Collected data
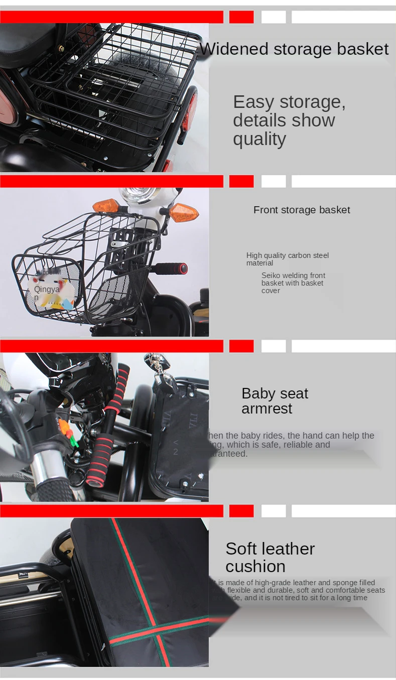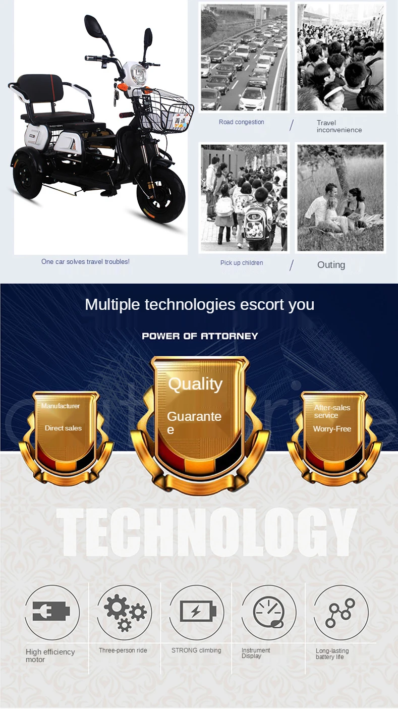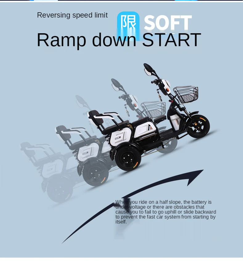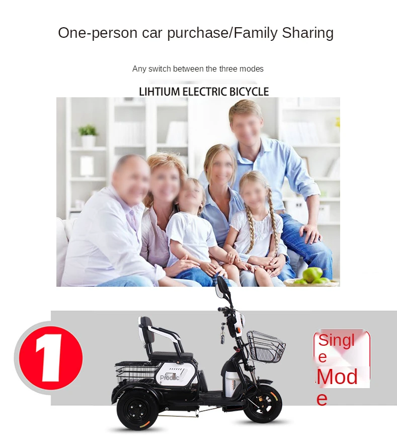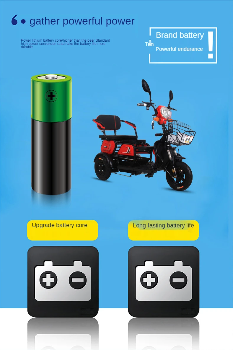Электрический трехколесный маленький бытовой скутер для детей, новый для пожилых людей, три человека, мощный аккумулятор для отдыха
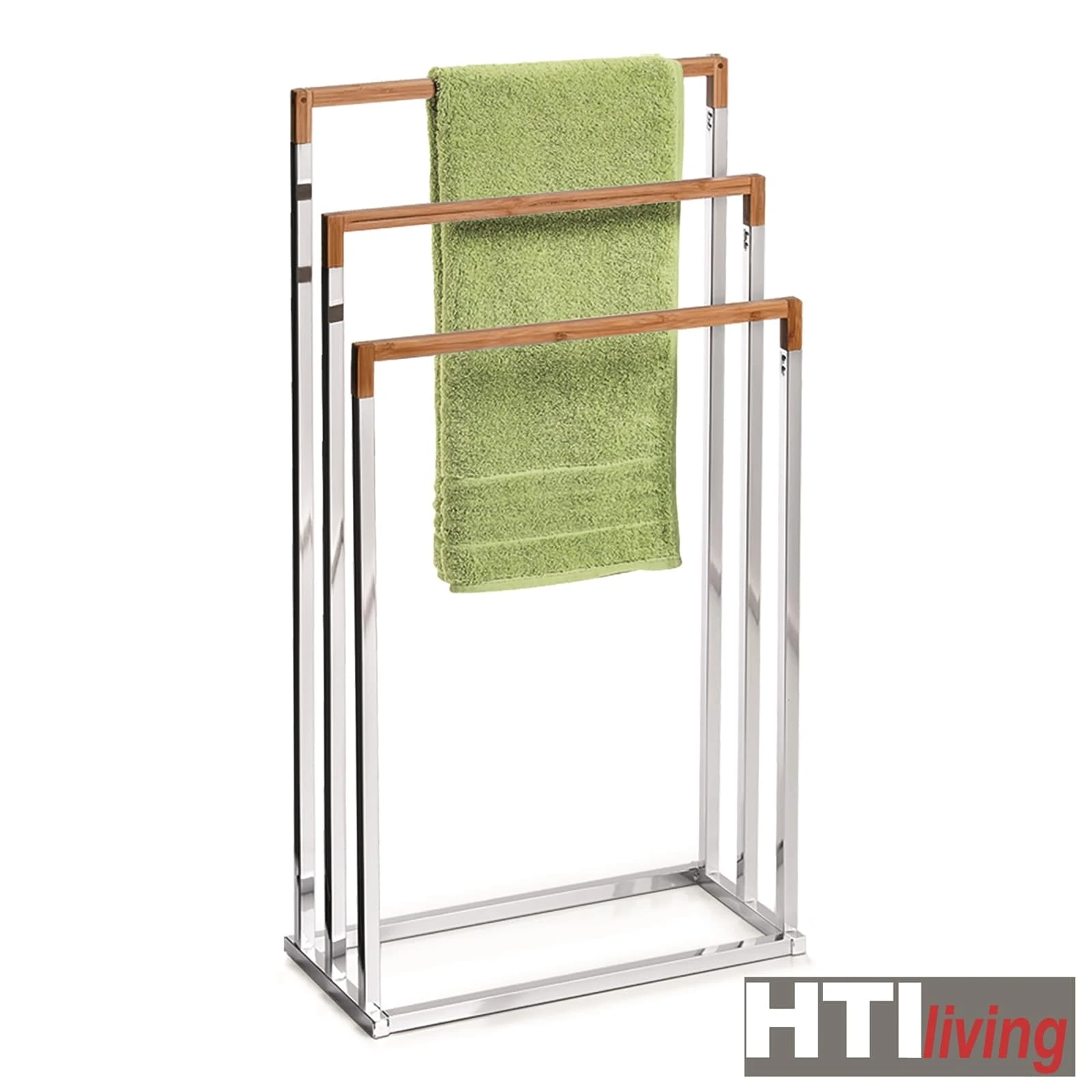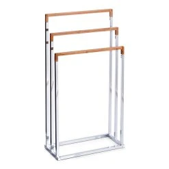 Dieser Handtuchständer aus Bambus ist freistehend und bietet auf seinen drei Armen viel Platz für Hand- und Duschtücher.
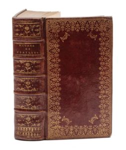 RELIURE.— Heures imprimées sur l'ordre de monseigneur le cardinal de Noailles… Nouvelle édition. Paris, Jean-Th. Herissant, Claude Herissant, 1765. In‑12, 9,5 x 16,5 cm, 12ff., 540 + 346pp., 1 f., frontispice, reliure de l'époque en maroquin rouge, large dentelle dorée en encadrement avec fleurons d'angle sur les plats, dos à nerfs orné de motifs dorés, filet doré aux coupes, roulette intérieure dorée, doublure et gardes de papier d'Augsbourg, tranches dorées. Nouvelle édition des heures des Noailles dans une charmante reliure en maroquin rouge à dentelle. Elle est illustrée d'un frontispice gravé. Becquet à l'adresse de Louis-Guillaume de Hansy et à la date de 1767. Des bibliothèques Lambert-Lesage (1863 ; ex-libris manuscrit) et Nepveu. Petite correction manuscrite sur le titre. Manque le dernier feuillet de garde. Coins frottés.
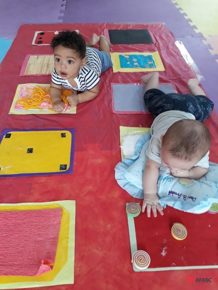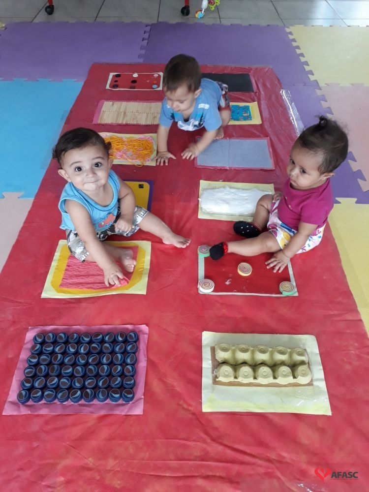Nos primeiros anos de vida, as crianças estão imersas no universo das imagens. Começam a perceber que podem agir sobre papeis, objetos e telas, provocando mudanças, produzindo algo para ser visto, buscando tocar em tudo o que vê, percebendo diferentes sensações. Tudo isso está sendo realizado com as crianças do Grupo I do Centro de Educação Infantil (CEI) da Associação Feminina de Assistência Social de Criciúma (Afasc) Moradas da Colina por meio do projeto “Brincando e explorando texturas e sensações”.

What the exercise asks
In your copy of the listing above, reproduce each line exactly and omit all pictures.

Answer space
Электрический трехколесный маленький бытовой скутер для детей, новый для пожилых людей, три человека, мощный аккумулятор для отдыха
 Dieser Handtuchständer aus Bambus ist freistehend und bietet auf seinen drei Armen viel Platz für Hand- und Duschtücher.
 RELIURE.— Heures imprimées sur l'ordre de monseigneur le cardinal de Noailles… Nouvelle édition. Paris, Jean-Th. Herissant, Claude Herissant, 1765. In‑12, 9,5 x 16,5 cm, 12ff., 540 + 346pp., 1 f., frontispice, reliure de l'époque en maroquin rouge, large dentelle dorée en encadrement avec fleurons d'angle sur les plats, dos à nerfs orné de motifs dorés, filet doré aux coupes, roulette intérieure dorée, doublure et gardes de papier d'Augsbourg, tranches dorées. Nouvelle édition des heures des Noailles dans une charmante reliure en maroquin rouge à dentelle. Elle est illustrée d'un frontispice gravé. Becquet à l'adresse de Louis-Guillaume de Hansy et à la date de 1767. Des bibliothèques Lambert-Lesage (1863 ; ex-libris manuscrit) et Nepveu. Petite correction manuscrite sur le titre. Manque le dernier feuillet de garde. Coins frottés.
Nos primeiros anos de vida, as crianças estão imersas no universo das imagens. Começam a perceber que podem agir sobre papeis, objetos e telas, provocando mudanças, produzindo algo para ser visto, buscando tocar em tudo o que vê, percebendo diferentes sensações. Tudo isso está sendo realizado com as crianças do Grupo I do Centro de Educação Infantil (CEI) da Associação Feminina de Assistência Social de Criciúma (Afasc) Moradas da Colina por meio do projeto “Brincando e explorando texturas e sensações”.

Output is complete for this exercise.